Au surplus, religieuse ou autre, la démocratie n’a jamais connu dans les combats cette fausse sensibilité qui se fait un point d’honneur de ménager ses adversaires. Quand elle les tient, elle les achève ; et, depuis Etienne Marcel jusqu’à la commune de 1871, ses procédés n’ont guère varié. L’histoire nous la montre couvant lentement, pendant des années, ses haines, dévorant ses envies, rongeant son frein, pour éclater un jour en sauvages représailles. On a vu des souverains absolus renoncer d’eux-mêmes à leur toute-puissance et pardonner à leurs assassins ; où la foule gouverne, il n’y a pas d’exemple qu’elle ait supporté la contradiction et respecté la liberté ; si repue qu’elle soit, elle n’est jamais rassasiée : Lassata, non satiata.
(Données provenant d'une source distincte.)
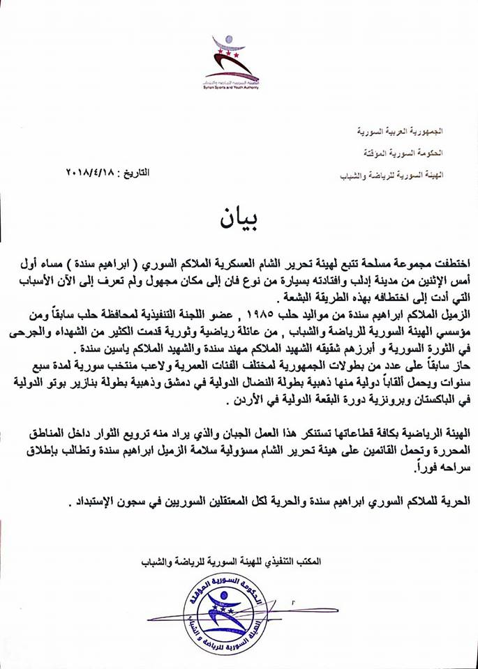 بيان الهيئة السورية للرياضة والشباب حول خطف الملاكم السوري إبراهيم سندة من قبل هيئة تحرير الشام

C’est pourquoi ceux-là se trompent étrangement qui espèrent encore que le régime actuel pourra mettre un terme à ses entreprises. Un homme d’état, agissant au nom et pour le compte d’un gouvernement fort, assuré de son lendemain, peut bien ouvrir ou fermer à son heure et à son gré l’ère des conflits religieux ; une république n’a pas cette ressource : une fois lancée dans le Culturkampf, il faut qu’elle en vive ou qu’elle en meure[1]. La nôtre s’est condamnée d’elle-même à ces travaux forcés quand rien ne l’y contraignait ; il faut qu’elle fasse jusqu’au bout sa peine, et elle la fera. D’un autre côté, comment croire à la possibilité d’une détente et comment prêcher la résignation, l’apaisement aux conservateurs ? On peut cesser de lutter pour ses intérêts ; on ne renonce pas à défendre ses croyances et ses enfans. C’est un devoir pour tout bon citoyen, quand la patrie est en danger, de courir à l’ennemi ; c’en est un non moins étroit de protéger contre les barbares du dedans

  1. Je ne pensais pas, quand j’écrivais ces lignes il y a quelques semaines, que les événemens de Chateauvillain me donneraient si vite raison.